## Task description
From the entries below, copy exactly the lines from the one that contains "Dermosil Hiukset ja" through the one that contains "金沙湖高爾夫官邸145平新中式風(fēng)格臥室裝修效果圖", both included, and only those.

## Source records
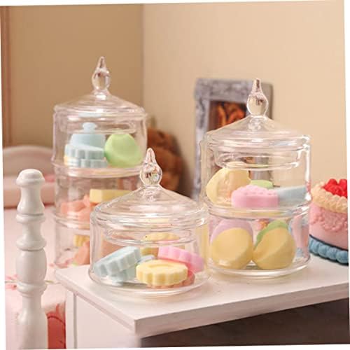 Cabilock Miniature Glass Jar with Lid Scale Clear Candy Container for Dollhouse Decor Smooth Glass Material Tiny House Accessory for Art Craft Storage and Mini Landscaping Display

==

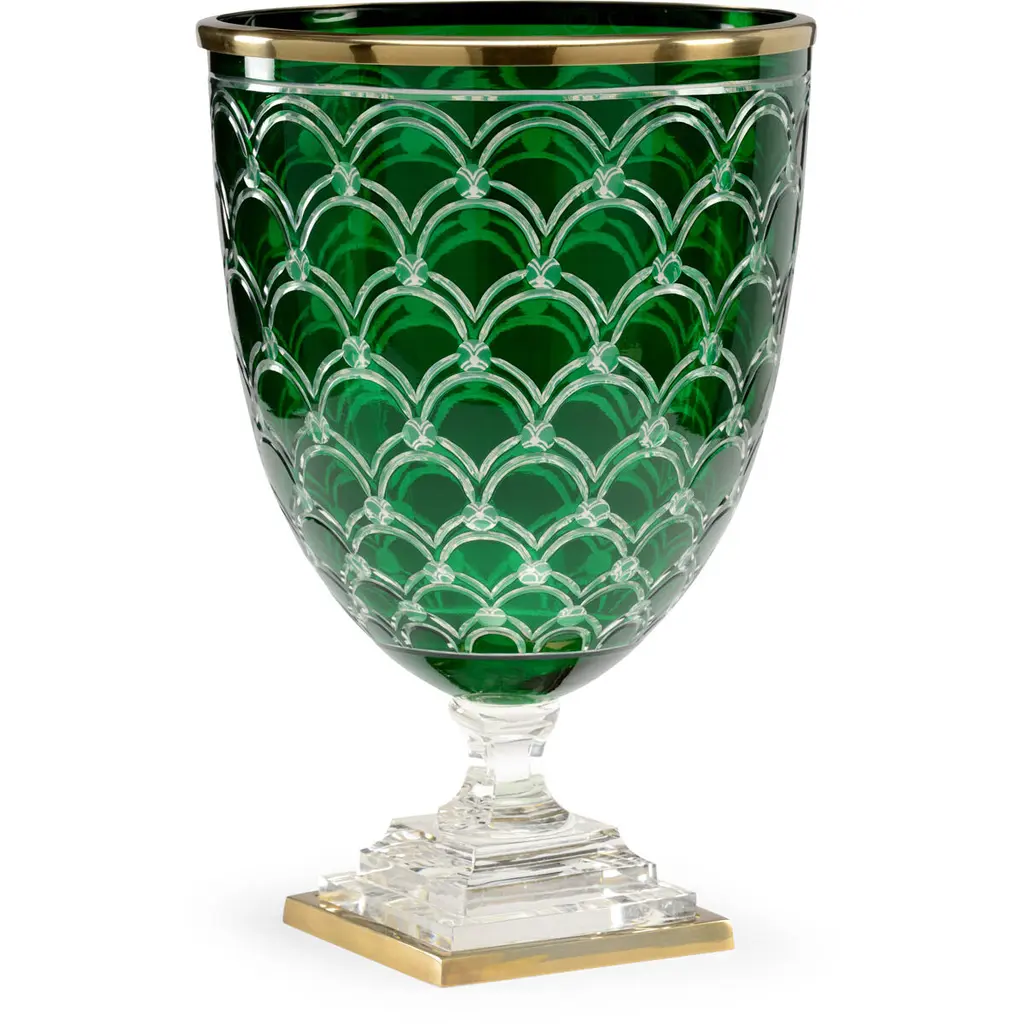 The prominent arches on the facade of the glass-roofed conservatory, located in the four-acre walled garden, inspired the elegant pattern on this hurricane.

==

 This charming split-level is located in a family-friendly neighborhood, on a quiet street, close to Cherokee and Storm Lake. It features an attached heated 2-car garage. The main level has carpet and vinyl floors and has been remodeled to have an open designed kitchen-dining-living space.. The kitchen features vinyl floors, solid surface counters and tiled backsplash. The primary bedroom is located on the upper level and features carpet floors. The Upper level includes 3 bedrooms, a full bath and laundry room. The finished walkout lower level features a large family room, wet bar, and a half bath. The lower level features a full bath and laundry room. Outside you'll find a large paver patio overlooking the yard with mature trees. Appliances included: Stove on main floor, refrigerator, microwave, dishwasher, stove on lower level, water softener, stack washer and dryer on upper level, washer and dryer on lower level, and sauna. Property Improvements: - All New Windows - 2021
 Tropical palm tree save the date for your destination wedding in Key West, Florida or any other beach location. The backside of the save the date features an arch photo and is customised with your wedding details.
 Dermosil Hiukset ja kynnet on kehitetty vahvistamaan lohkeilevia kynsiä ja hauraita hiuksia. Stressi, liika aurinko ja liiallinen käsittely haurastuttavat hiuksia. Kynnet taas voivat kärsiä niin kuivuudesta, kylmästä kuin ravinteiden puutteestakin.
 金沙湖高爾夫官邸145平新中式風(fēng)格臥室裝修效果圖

## The answer
 Dermosil Hiukset ja kynnet on kehitetty vahvistamaan lohkeilevia kynsiä ja hauraita hiuksia. Stressi, liika aurinko ja liiallinen käsittely haurastuttavat hiuksia. Kynnet taas voivat kärsiä niin kuivuudesta, kylmästä kuin ravinteiden puutteestakin.
 金沙湖高爾夫官邸145平新中式風(fēng)格臥室裝修效果圖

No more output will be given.